# Looking for a job valeting/detailing or anything really



## Driftland Liaison (Sep 17, 2009)

Ok after what happened to my Family today and not enjoying my job for sometime i have come to a very hard decision and handed my notice in offshore. What ever i do now is never going to have the same Financial benefits of what i have at the moment but i think my family and being home at nights is more important.
So i am on the hunt for a job i am not in a desperate hurry as i have money asside but i am not the kind of person who can do nothing so the sooner i have something in place the better.
I would like to get more involved in the Detaling and or Valeting side of things so if anyone in the Edinburgh Fife area is looking for some help or knows of anybody looking please get in touch
Thanks 
Neil


----------



## adlem (Jul 6, 2008)

Where abouts are PB based - they were recruiting i think?

Sorry but i can't be much more use than that, all i know is that it's somewhere in scotland


----------



## SBerlyn (Nov 9, 2008)

Can't have been an easy decision for you, Neil.

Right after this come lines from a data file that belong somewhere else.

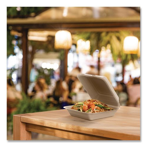 Compostable Molded Fiber Hinged Trays, ProPlanet Seal, 9.14 x 9 x 2.98, Natural, 200/Carton
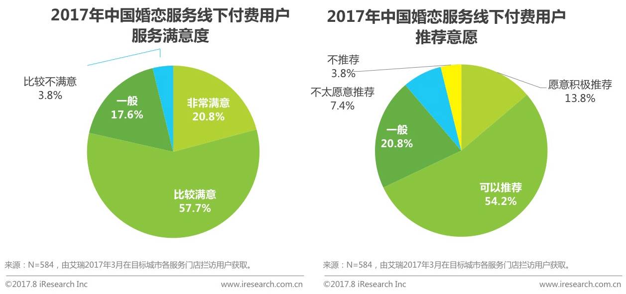 根据艾瑞调研数据显示,线下付费用户对于婚恋服务的推荐意愿和满意度均较高,满意用户总占比高达78.5%,推荐用户总占比达68.0%。在满意度方面,非常满意的用户占比20.8%,比较满意的用户占比57.7%。在推荐意愿方面,愿意积极推荐的用户占比13.8%,可以推荐的用户占比54.2%。
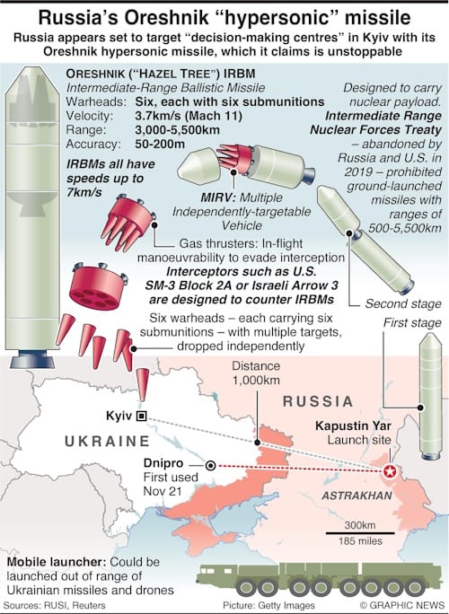The Oreshnik, which appears to be based on the RS-26, an Intermediate Range Ballistic Missile designed to carry a nuclear payload up to 5,500km. IRBMs were prohibited under the Intermediate Range Nuclear Forces Treaty, but both Russia and the U.S. abandoned the INF in 2019 claiming violations by the other side.
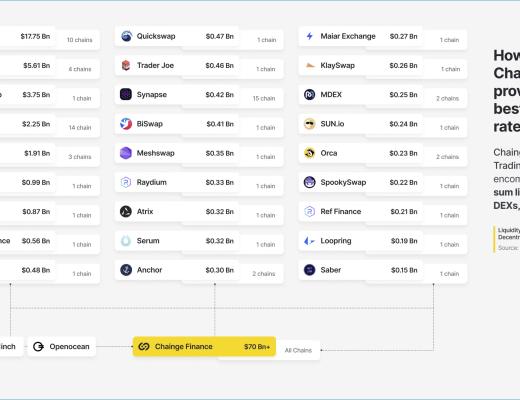 而在Chainge中,您可以同时获得所有链上的所有DEX的流动性,这就是我们能够聚合超过700亿的流动性,并成为市场上流动性最充足的多链跨链聚合DEX的原因!
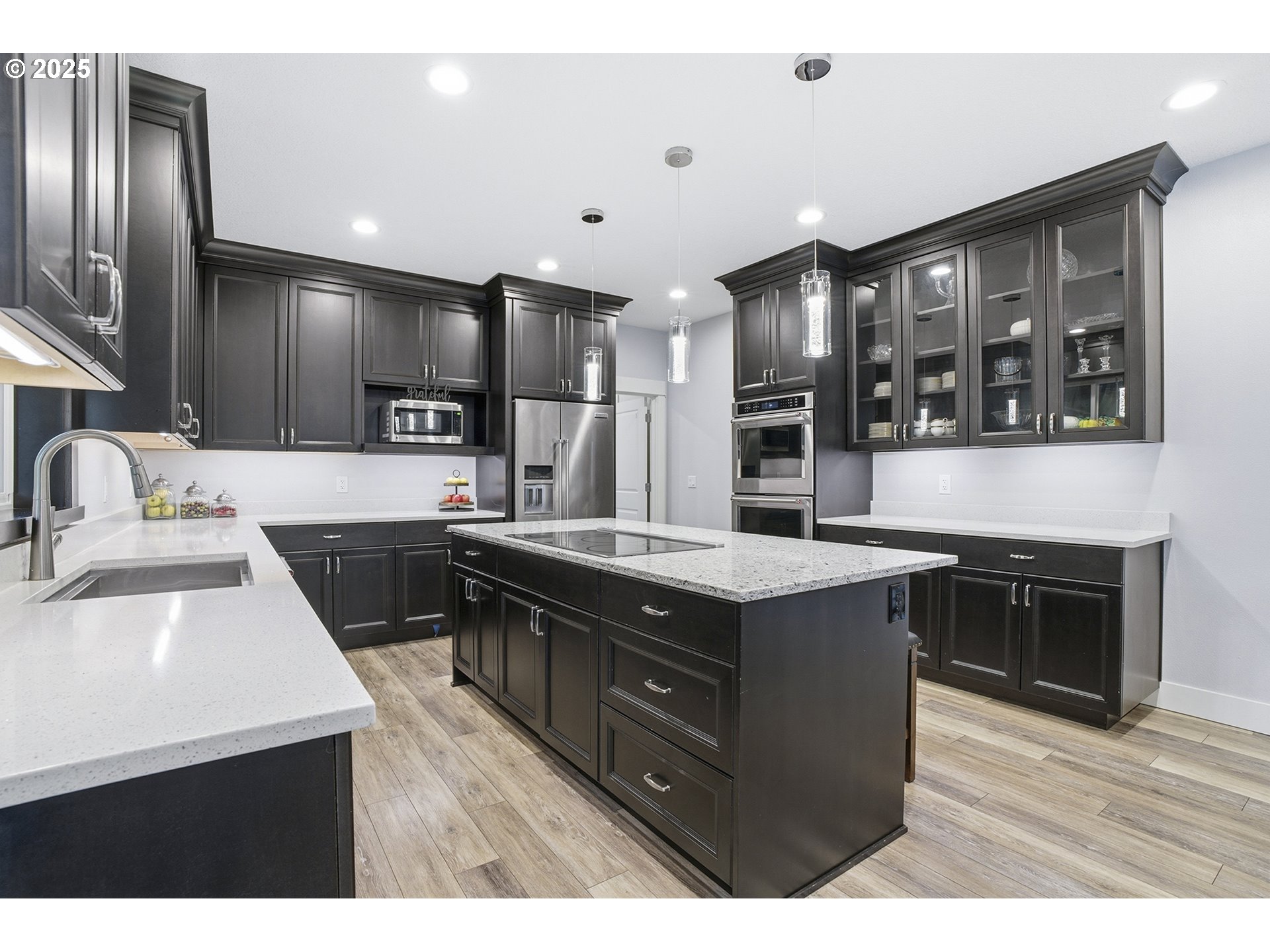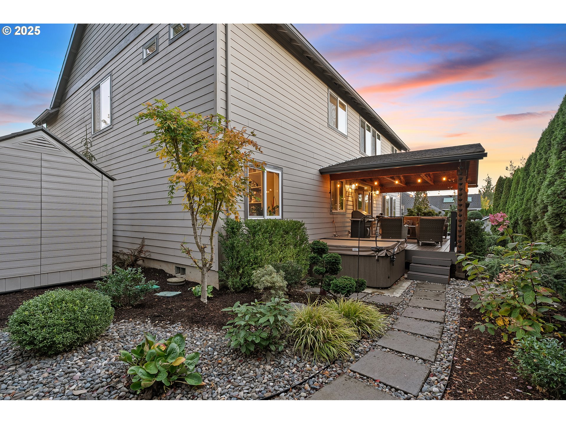 Tucked away on a quiet, private lot, this custom-designed and owner-built home offers the perfect blend of sophistication and comfort. Thoughtfully crafted with high-end finishes and a floor plan made for modern living, it’s ideal for families and entertainers alike.Step inside to an open and inviting main level featuring a dedicated office, spacious great room, and a designer kitchen with a walk-in pantry and convenient mud room, perfectly suited for a busy household. Upstairs, you’ll find five generous bedrooms, including a vaulted primary suite with a luxurious spa-like bathroom. One of the secondary bedrooms offers flexible use as a bonus room, playroom, or home gym.Enjoy year-round outdoor living on the private covered back deck, surrounded by low-maintenance landscaping that lets you relax instead of spending weekends on yard work. The extra-deep garage, ample driveway parking, and dedicated space for an RV or boat make this home as practical as it is beautiful.Quietly tucked away from the hustle and bustle, yet moments from top-rated schools, parks, shopping, restaurants, and freeway access, this Happy Valley gem offers privacy, luxury, and convenience all in one.
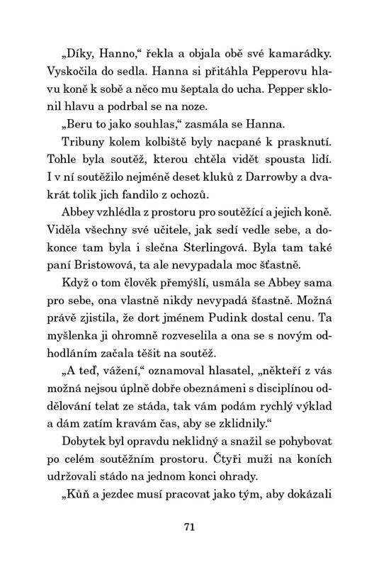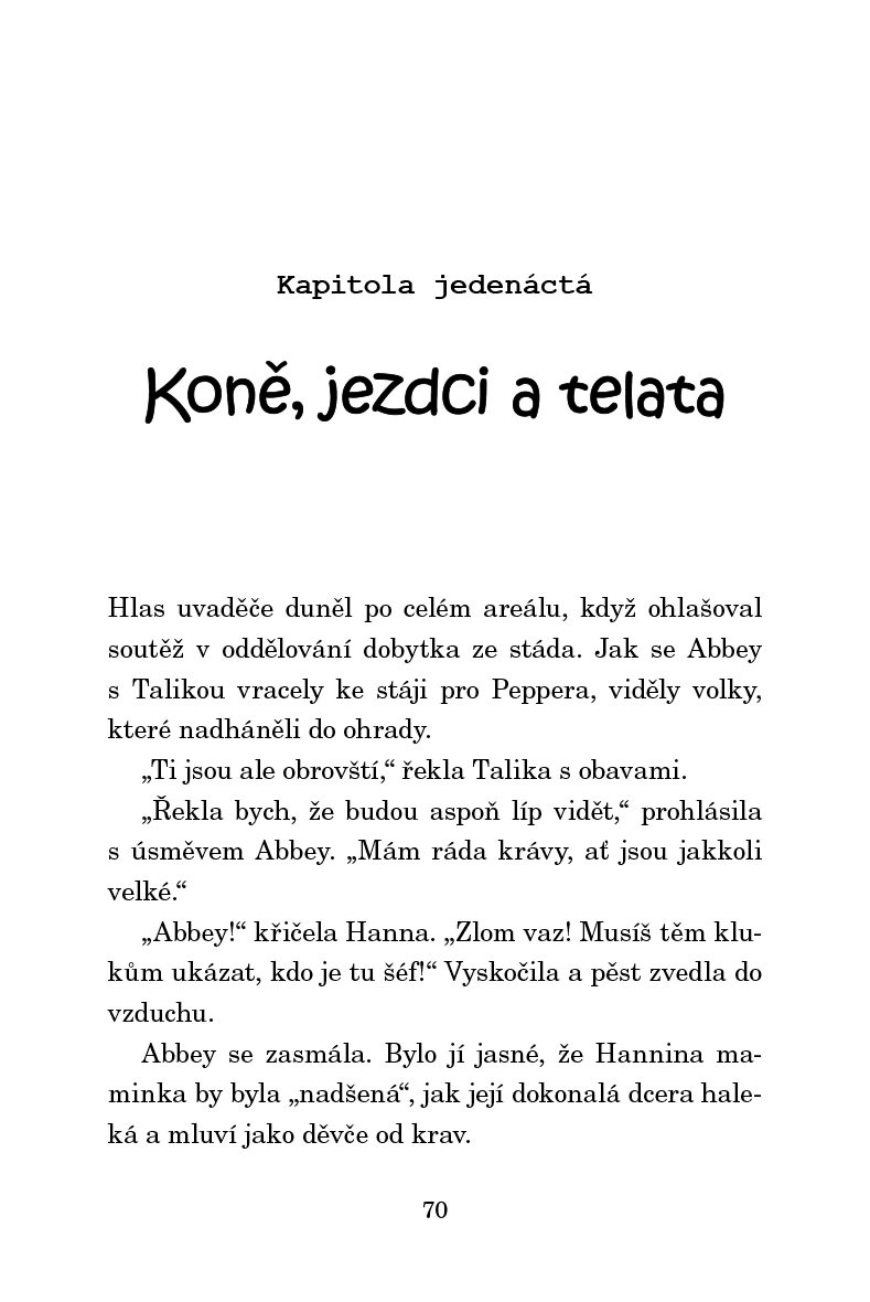 Hanna, Abbey a Talika pilně studují na škole pro budoucí zvěrolékařky. V následujících týdnech se budou věnovat především péči o býky, krávy a telátka. Abby to bere opravdu vážně. Dokonce se přihlásí do soutěže v odchytávání telat, i když tuší, že boj nebude snadný. Hlavním soupeřem totiž budou chlapci z nedaleké školy. Do jejího tréninku ale zasáhne onemocnění Taličina poník. Je to s ním vážné a holky čeká nelehký úkol. Budou muset zjistit, co přesně poníka trápí a najít lék, který ho zachrání…
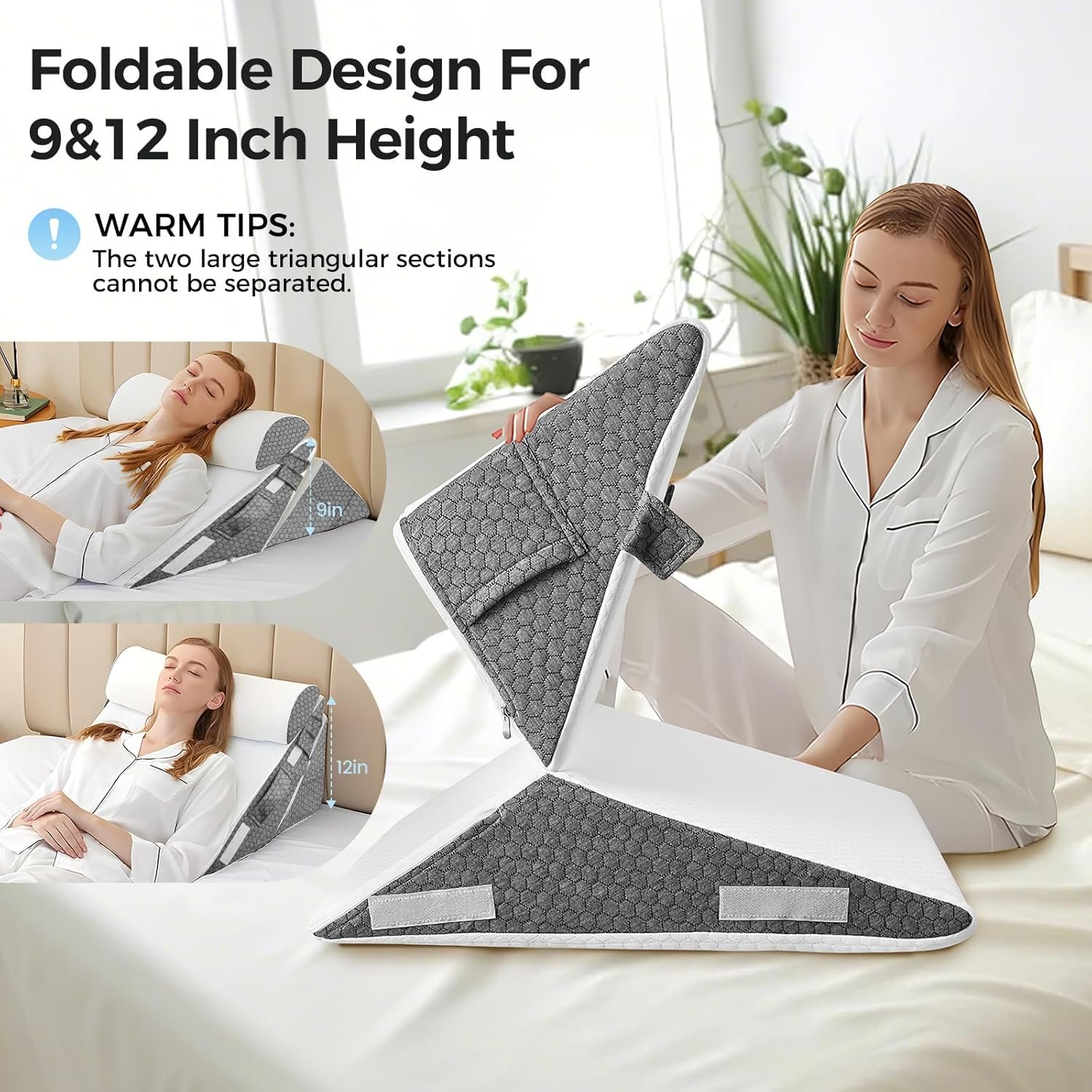 【10-in-1 Adjustable Wedge Triangle Pillow】Our bed wedge pillow set for sleep apnea has 2 adjustable height (9 inch or 12 inch), offers a dynamic 10-in-1 adjustable design to support your body in all positions. Effortlessly meets your different needs like reading, working, or relaxing.

Best of luck with whatever you do 

S


----------



## Driftland Liaison (Sep 17, 2009)

adlem said:


> Where abouts are PB based - they were recruiting i think?
> 
> Sorry but i can't be much more use than that, all i know is that it's somewhere in scotland


Its in Aberdeen mate cheers its just too far away :thumb:


----------



## Driftland Liaison (Sep 17, 2009)

SBerlyn said:


> Can't have been an easy decision for you, Neil.
> 
> Best of luck with whatever you do
> 
> S


Cheers mate no not an easy decision at all just think the family feeling safe in our home and i have been doing this now for 13 years its maybe time for a change and the wife want me to be home too :thumb:


----------



## adlem (Jul 6, 2008)

neild92 said:


> Its in Aberdeen mate cheers its just too far away :thumb:


Oh okay, my bad 

I wish you all the best for the future and hope everything falls into place for you


----------



## SBerlyn (Nov 9, 2008)

neild92 said:


> Cheers mate no not an easy decision at all just think the family feeling safe in our home and i have been doing this now for 13 years its maybe time for a change and the wife want me to be home too :thumb:


I agree totally. Just be thankful that after 13 years on the rigs you must have a fair bit saved up, so you can take your time to find something suitable 

S


----------



## ChuckH (Nov 23, 2006)

neild92 said:


> Ok after what happened to my Family today and not enjoying my job for sometime i have come to a very hard decision and handed my notice in offshore. What ever i do now is never going to have the same Financial benefits of what i have at the moment but i think my family and being home at nights is more important.
> So i am on the hunt for a job i am not in a desperate hurry as i have money asside but i am not the kind of person who can do nothing so the sooner i have something in place the better.
> I would like to get more involved in the Detaling and or Valeting side of things so if anyone in the Edinburgh Fife area is looking for some help or knows of anybody looking please get in touch
> Thanks
> Neil


Niel Whats happening Mate ?? Is there anything You need a hand with ?? Surely the time is right for setting Youself up in Detailing ? Ive stared a new wee venture which is steadily bringing in a bit of work. Mate feel free to give Me a call You have My number .............................:thumb:


----------



## VIPER (May 30, 2007)

Best of luck with your search Neil :thumb: As I said on the other thread, perhaps this might end up being career change you need, albeit born of a very upsetting incident.


----------



## Reds (Jan 14, 2009)

Good luck to you Neil :thumb:

Hope the family is OK following from your other thread.

Stay Safe


----------



## -Stu- (Mar 1, 2009)

Good luck in your new venture mate.

Wantd to go offshore for a while but the negatives outweighed the positives for me.

Onwards and upwards.


----------



## Prism Detailing (Jun 8, 2006)

Good luck, I thought you were doing work in your own time whilst off the rigs, can that not continue ?


----------



## Dougster (Jun 12, 2007)

Best of luck mate.

No wifey here to worry about and I'd love to get offshore to make some proper cash!!


----------



## Grant G101 (Mar 21, 2010)

*sorry to hear*

Hi Matey, sorry to hear about the trouble.. Hope the family are ok & im sure you will be there for them. I will keep my ears open for you & remember you know where i am at anytime you neep help or advice... anyway please give me a call next week & we will catch up ......... grant


----------